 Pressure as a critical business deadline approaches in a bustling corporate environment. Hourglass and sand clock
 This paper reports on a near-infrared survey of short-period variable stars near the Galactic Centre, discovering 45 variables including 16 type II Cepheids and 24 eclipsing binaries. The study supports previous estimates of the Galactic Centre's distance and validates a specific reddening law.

————————

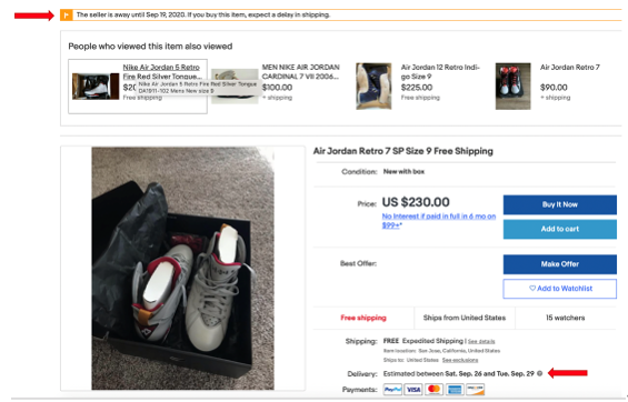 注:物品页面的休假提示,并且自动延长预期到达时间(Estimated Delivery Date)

————————

* [Work request] All lines in the data above from the one with "Pressure as a" through the one with "This paper reports" must be repeated exactly, and no others.

* [Reply to the task]
 Pressure as a critical business deadline approaches in a bustling corporate environment. Hourglass and sand clock
 This paper reports on a near-infrared survey of short-period variable stars near the Galactic Centre, discovering 45 variables including 16 type II Cepheids and 24 eclipsing binaries. The study supports previous estimates of the Galactic Centre's distance and validates a specific reddening law.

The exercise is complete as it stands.